Assignment: From the line containing "Available from September" to the end of the records, print every line exactly, both ends included, and leave out the pictures.

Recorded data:

---+---

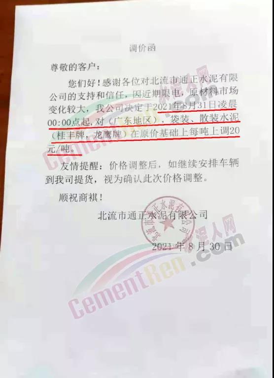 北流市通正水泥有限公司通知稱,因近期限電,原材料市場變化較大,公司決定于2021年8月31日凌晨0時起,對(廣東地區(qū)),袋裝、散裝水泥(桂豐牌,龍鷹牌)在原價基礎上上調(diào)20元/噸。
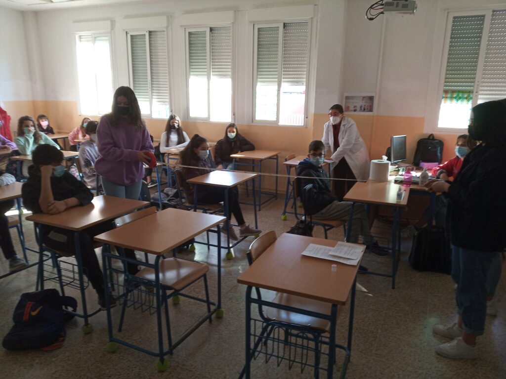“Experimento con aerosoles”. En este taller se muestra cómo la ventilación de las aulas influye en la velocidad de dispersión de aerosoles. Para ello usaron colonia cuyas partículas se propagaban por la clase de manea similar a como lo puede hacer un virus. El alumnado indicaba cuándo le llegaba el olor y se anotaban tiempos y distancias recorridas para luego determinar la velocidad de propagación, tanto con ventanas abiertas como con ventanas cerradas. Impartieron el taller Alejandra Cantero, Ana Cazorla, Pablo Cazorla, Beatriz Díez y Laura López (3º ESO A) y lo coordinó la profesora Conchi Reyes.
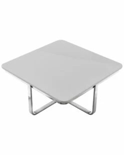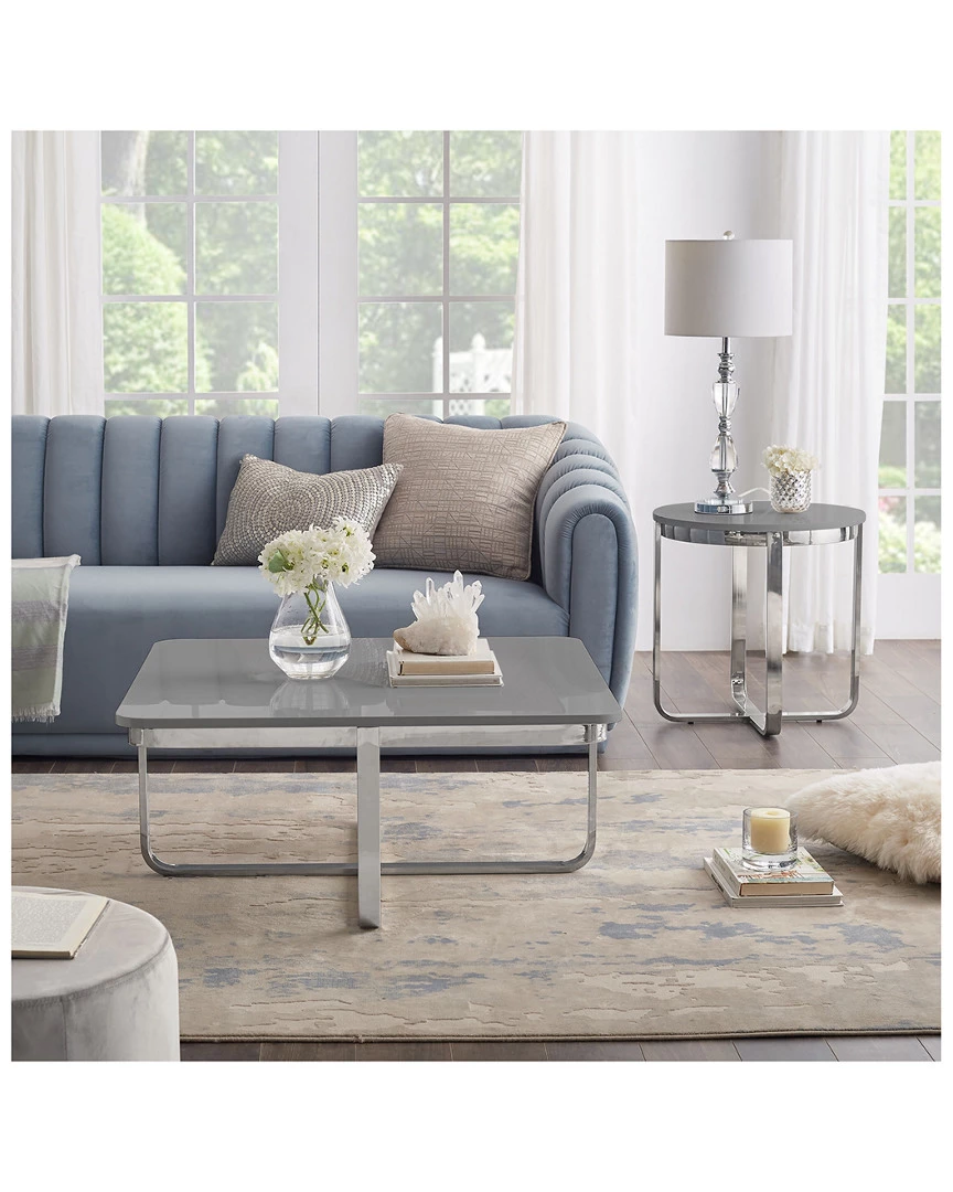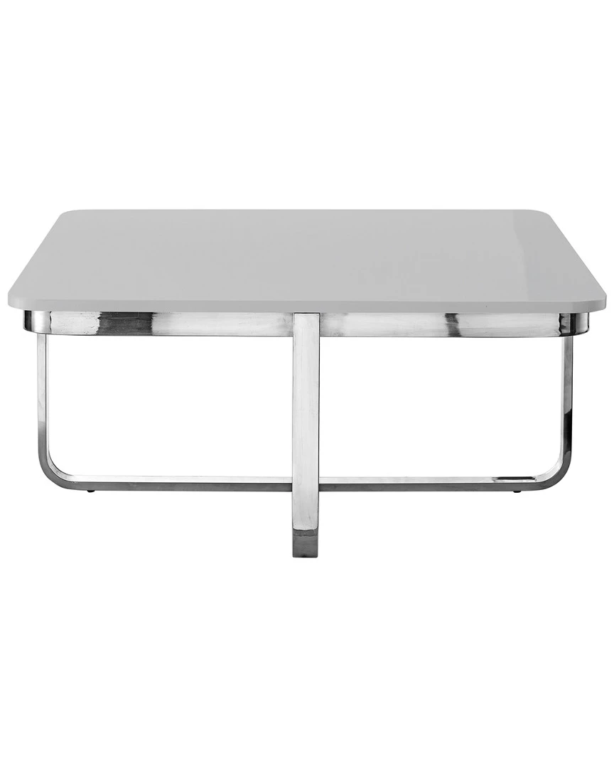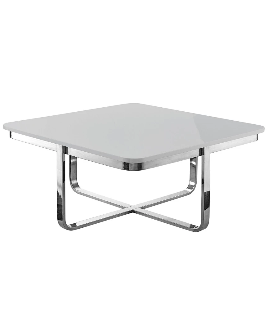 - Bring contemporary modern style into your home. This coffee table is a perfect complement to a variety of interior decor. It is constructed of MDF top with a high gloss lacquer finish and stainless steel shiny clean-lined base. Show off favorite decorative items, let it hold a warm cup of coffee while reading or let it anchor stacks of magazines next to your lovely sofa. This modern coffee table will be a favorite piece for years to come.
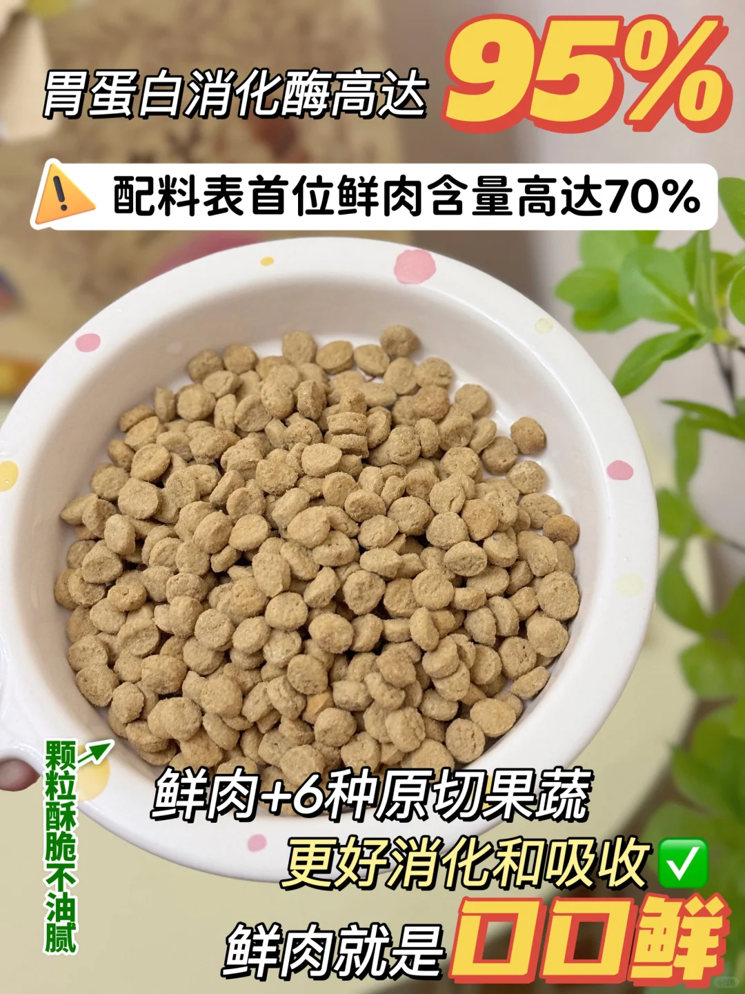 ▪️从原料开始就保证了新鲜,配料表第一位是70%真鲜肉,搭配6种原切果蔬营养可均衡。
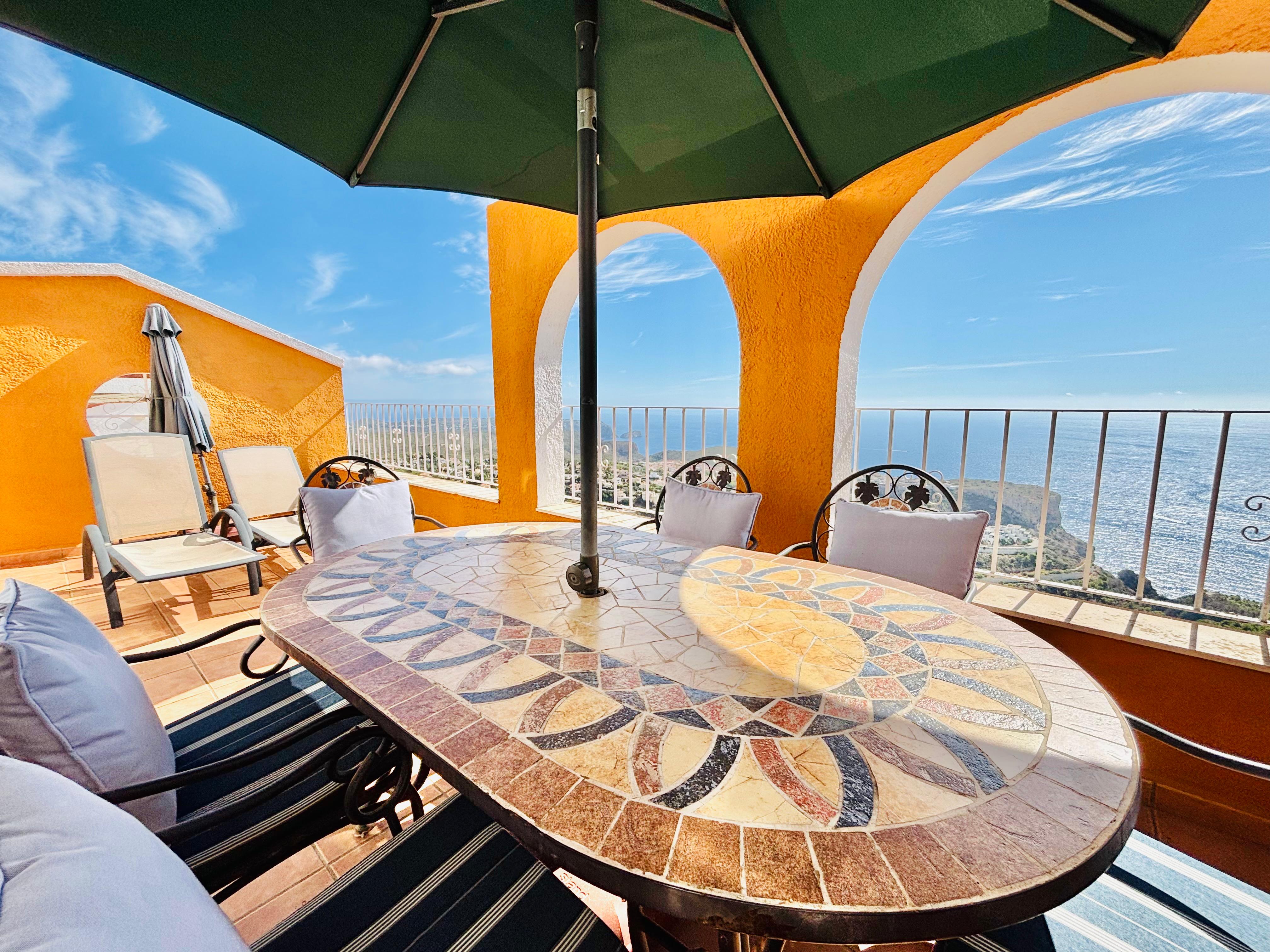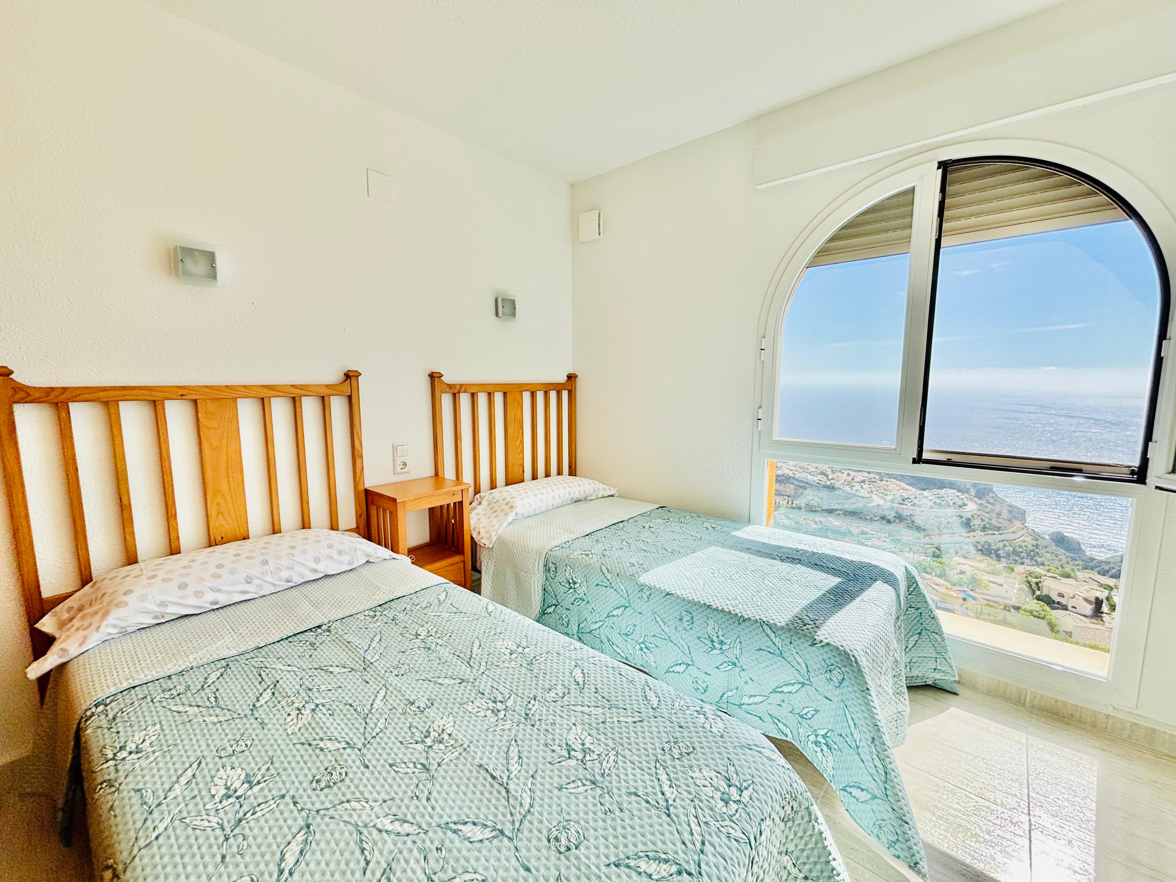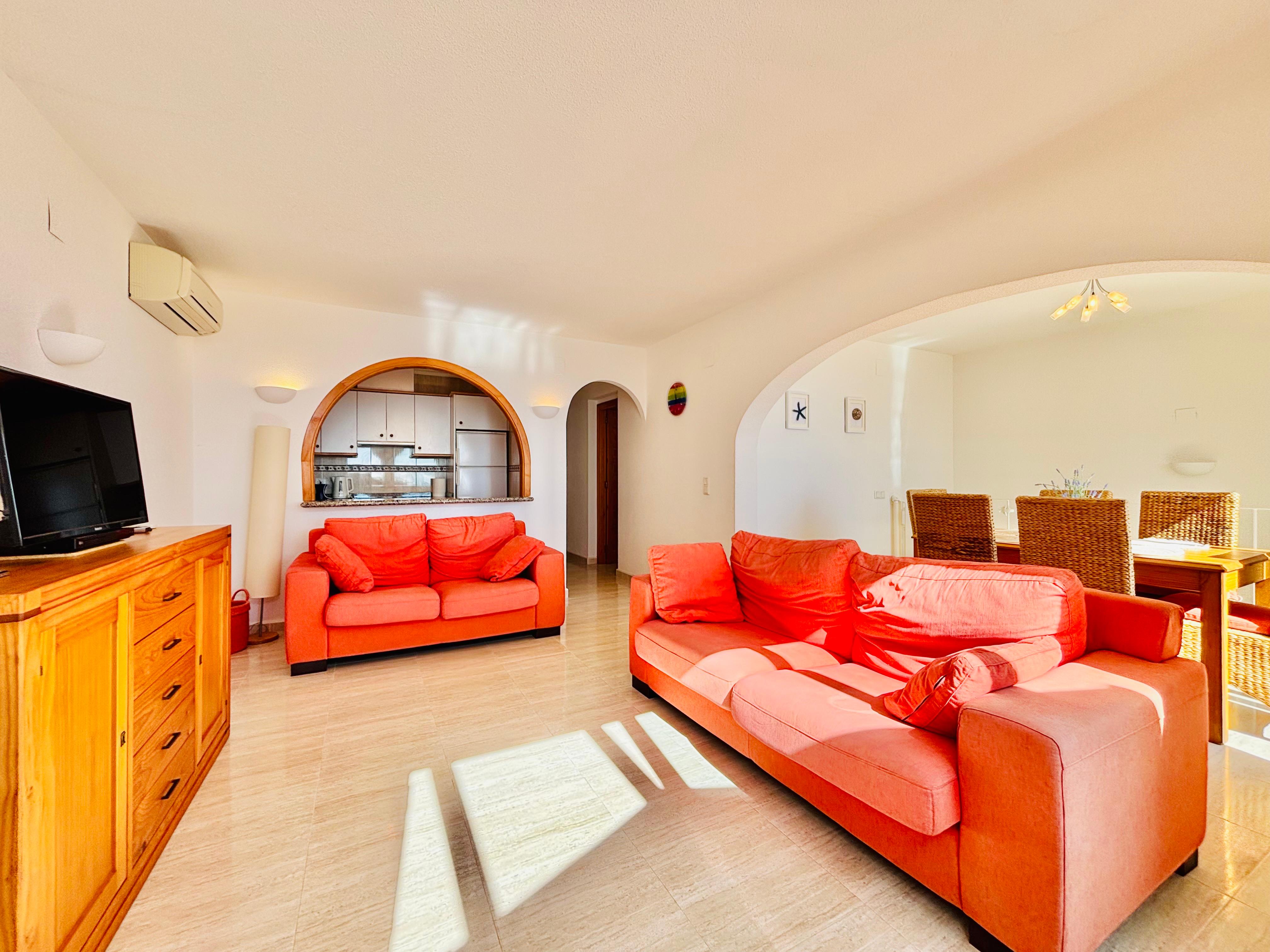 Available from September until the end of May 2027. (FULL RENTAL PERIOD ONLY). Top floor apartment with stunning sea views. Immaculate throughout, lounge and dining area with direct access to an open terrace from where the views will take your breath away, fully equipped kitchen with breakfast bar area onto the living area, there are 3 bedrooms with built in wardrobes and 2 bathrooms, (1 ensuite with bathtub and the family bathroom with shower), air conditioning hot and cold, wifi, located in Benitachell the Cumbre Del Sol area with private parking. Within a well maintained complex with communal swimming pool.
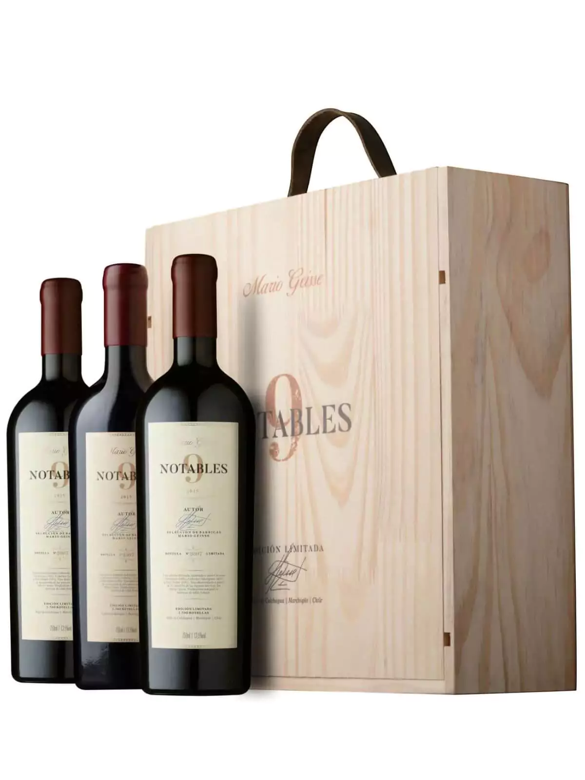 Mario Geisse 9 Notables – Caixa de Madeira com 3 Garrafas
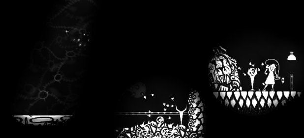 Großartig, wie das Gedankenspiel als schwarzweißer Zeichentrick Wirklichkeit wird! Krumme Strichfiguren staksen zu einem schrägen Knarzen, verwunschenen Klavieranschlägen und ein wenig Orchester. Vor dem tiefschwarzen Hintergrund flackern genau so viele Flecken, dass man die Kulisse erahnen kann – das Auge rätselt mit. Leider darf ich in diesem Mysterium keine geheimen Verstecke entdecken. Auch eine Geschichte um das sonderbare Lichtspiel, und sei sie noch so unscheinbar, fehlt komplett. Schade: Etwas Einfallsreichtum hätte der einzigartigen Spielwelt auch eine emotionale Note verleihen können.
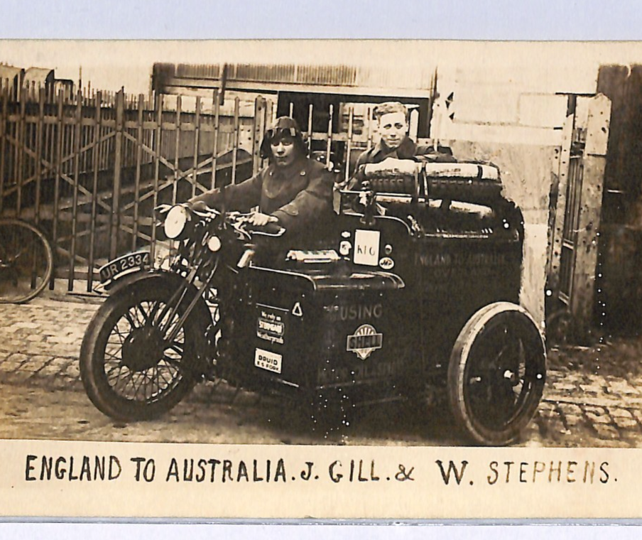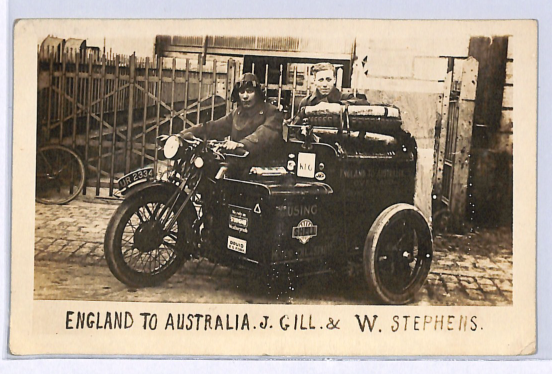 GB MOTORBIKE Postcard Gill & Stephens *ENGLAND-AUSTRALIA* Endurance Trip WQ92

---+---

Response to this task:
 Available from September until the end of May 2027. (FULL RENTAL PERIOD ONLY). Top floor apartment with stunning sea views. Immaculate throughout, lounge and dining area with direct access to an open terrace from where the views will take your breath away, fully equipped kitchen with breakfast bar area onto the living area, there are 3 bedrooms with built in wardrobes and 2 bathrooms, (1 ensuite with bathtub and the family bathroom with shower), air conditioning hot and cold, wifi, located in Benitachell the Cumbre Del Sol area with private parking. Within a well maintained complex with communal swimming pool.
 Mario Geisse 9 Notables – Caixa de Madeira com 3 Garrafas
 Großartig, wie das Gedankenspiel als schwarzweißer Zeichentrick Wirklichkeit wird! Krumme Strichfiguren staksen zu einem schrägen Knarzen, verwunschenen Klavieranschlägen und ein wenig Orchester. Vor dem tiefschwarzen Hintergrund flackern genau so viele Flecken, dass man die Kulisse erahnen kann – das Auge rätselt mit. Leider darf ich in diesem Mysterium keine geheimen Verstecke entdecken. Auch eine Geschichte um das sonderbare Lichtspiel, und sei sie noch so unscheinbar, fehlt komplett. Schade: Etwas Einfallsreichtum hätte der einzigartigen Spielwelt auch eine emotionale Note verleihen können.
 GB MOTORBIKE Postcard Gill & Stephens *ENGLAND-AUSTRALIA* Endurance Trip WQ92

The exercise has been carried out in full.